Coordinated and Aerobic Exercise do not Improve Attention in Graduate Students

The Open Sports Sciences Journal 31 December 2014 RESEARCH ARTICLE DOI: 10.2174/1875399X01407010203


Acute coordinative exercise, represented by various sports skills requiring bilateral use of hands or feet, has been shown to improve attention in school age children in a classroom setting. The purpose of this investigation was to determine if acute aerobic and coordinative exercise improves attention in graduate students in the same setting.
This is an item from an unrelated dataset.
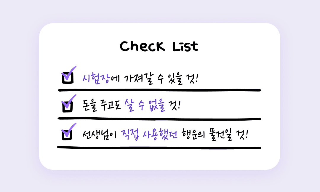 그런 의미에서 우리가 이번 캠페인에서 무엇보다 꼭 고수하고자 한 것은 다음과 같았다. 시험장에 가져갈 수 있을 것, 돈을 주고도 살 수 없을 것, 그리고 선생님이 직접 사용했던 행운의 물건일 것!
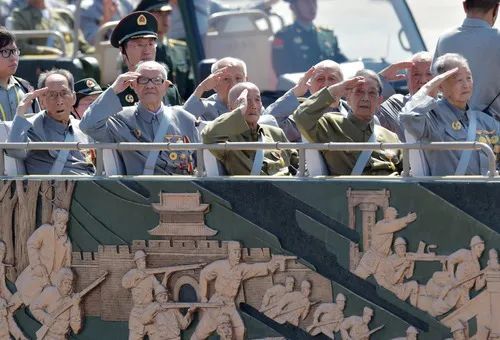 2015年9月3日,中国人民抗日战争暨世界反法西斯战争胜利70周年纪念大会在北京隆重举行。这是抗战老兵乘车方队。新华社记者 罗晓光 摄

Twentyeight students (19 Women, 9 men; Age=24±1 years; BMI=22.9±0.6) enrolled in a graduate education program completed 3 sessions, each separated by 7 d. Immediately before a 1 h classroom lecture, subjects completed either 15 m of quiet sitting, aerobic exercise (walking), or coordinative exercise. Coordinative exercise consisted of a sequence of bilateral activities requiring gross and fine motor movement using balls of various sizes and types. Prior to and immediately after the lecture, subjects completed the d2 Test of attention. Subjects did not exercise or drink caffeine prior to participation. Heart rate was similar during aerobic and coordinative exercise. The total number of items processed (TN) and concentration performance (CP) increased from immediately post exercise to post-lecture in all conditions. The number of errors following coordinative exercise before the lecture was greater than the other conditions. The results of this investigation suggest that aerobic and coordinative exercise do not influence attention in graduate students.

Keywords: Aerobic, classroom processing, cognition, coordination.